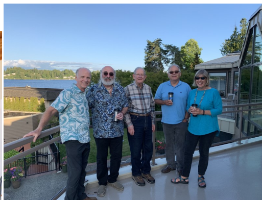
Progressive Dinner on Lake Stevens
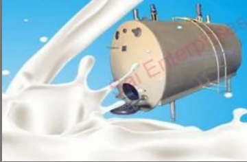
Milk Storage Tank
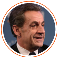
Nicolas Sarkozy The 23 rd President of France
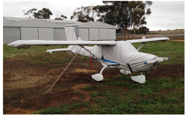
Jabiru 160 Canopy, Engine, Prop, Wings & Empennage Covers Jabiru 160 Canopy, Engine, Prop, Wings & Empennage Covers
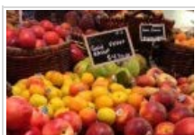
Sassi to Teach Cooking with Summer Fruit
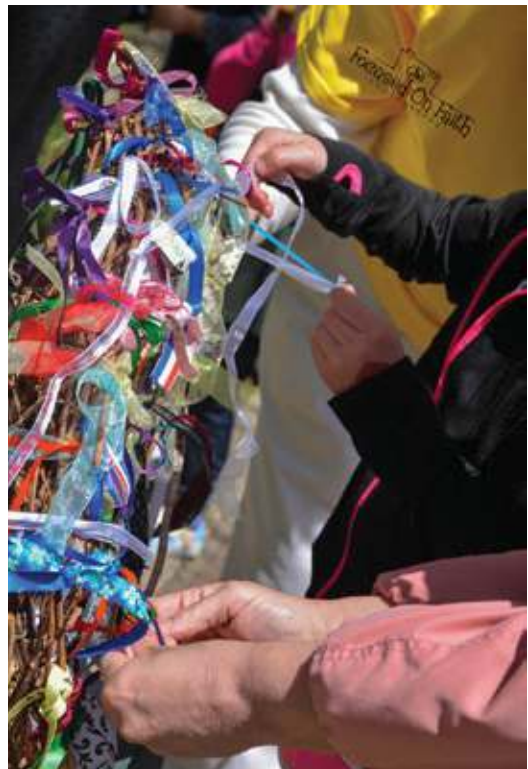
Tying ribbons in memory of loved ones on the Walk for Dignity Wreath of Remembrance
####################
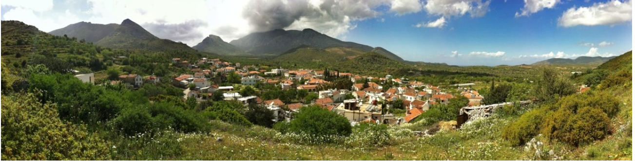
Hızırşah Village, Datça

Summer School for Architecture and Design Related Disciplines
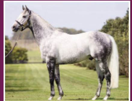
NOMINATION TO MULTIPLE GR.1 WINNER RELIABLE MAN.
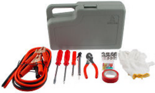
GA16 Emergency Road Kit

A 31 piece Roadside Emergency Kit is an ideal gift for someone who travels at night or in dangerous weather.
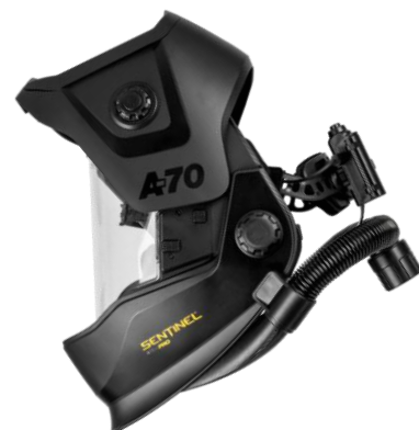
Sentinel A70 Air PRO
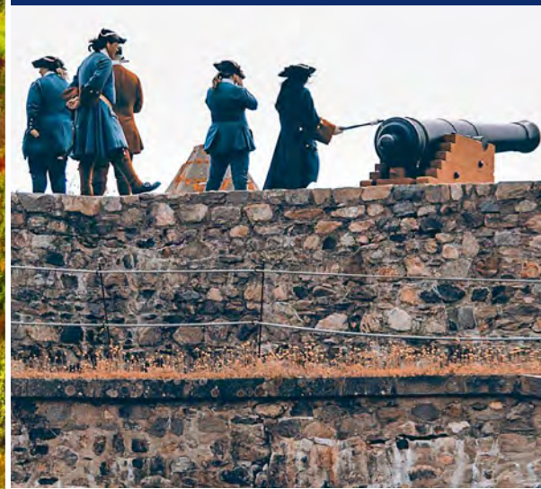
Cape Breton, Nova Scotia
####################
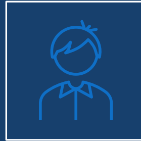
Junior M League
####################
== PROBLEM TO WORK ON ==
Look above for the line holding "Sassi to Teach Cooking with Summer Fruit" and output everything from it down to the line holding "Tying ribbons in", both ends included, exactly and without images.

== YOUR SOLUTION ==
Sassi to Teach Cooking with Summer Fruit
Tying ribbons in memory of loved ones on the Walk for Dignity Wreath of Remembrance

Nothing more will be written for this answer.